──────── DATASET CONTENT ────────

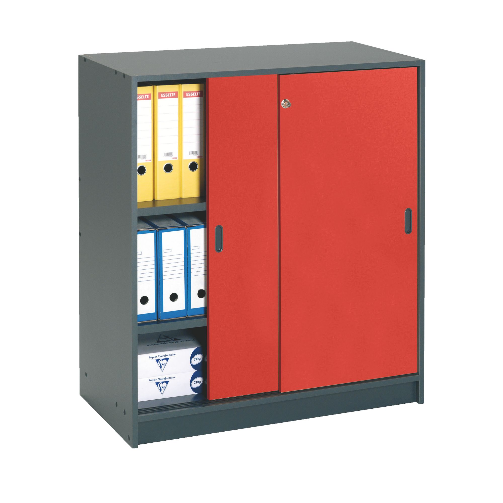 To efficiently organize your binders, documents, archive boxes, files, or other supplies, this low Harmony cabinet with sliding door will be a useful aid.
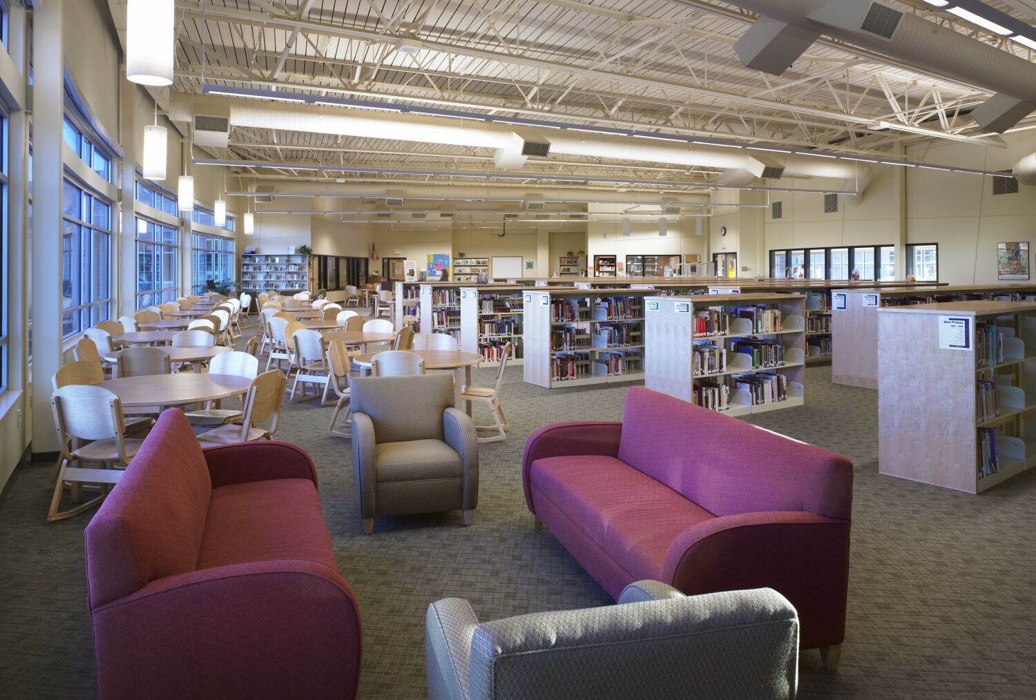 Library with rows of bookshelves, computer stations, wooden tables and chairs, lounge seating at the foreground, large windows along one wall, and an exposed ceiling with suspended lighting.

────────
──────── DATASET CONTENT ────────

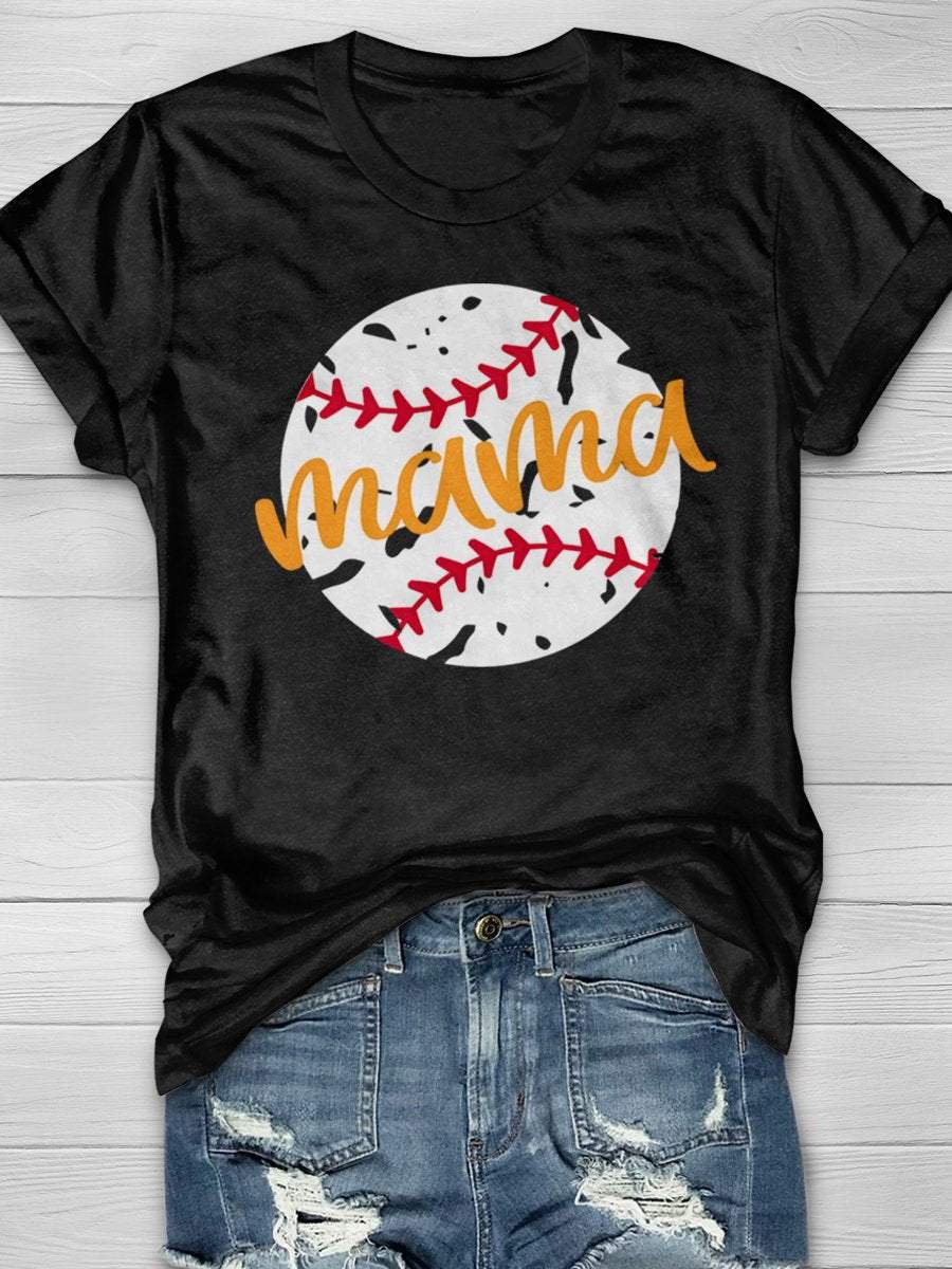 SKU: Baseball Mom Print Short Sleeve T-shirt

────────

Of the records above, print only the lines from the one containing "To efficiently organize" through the one containing "Library with rows", inclusive and unaltered, leaving out pictures.

**ANSWER TO THE PROBLEM**:
 To efficiently organize your binders, documents, archive boxes, files, or other supplies, this low Harmony cabinet with sliding door will be a useful aid.
 Library with rows of bookshelves, computer stations, wooden tables and chairs, lounge seating at the foreground, large windows along one wall, and an exposed ceiling with suspended lighting.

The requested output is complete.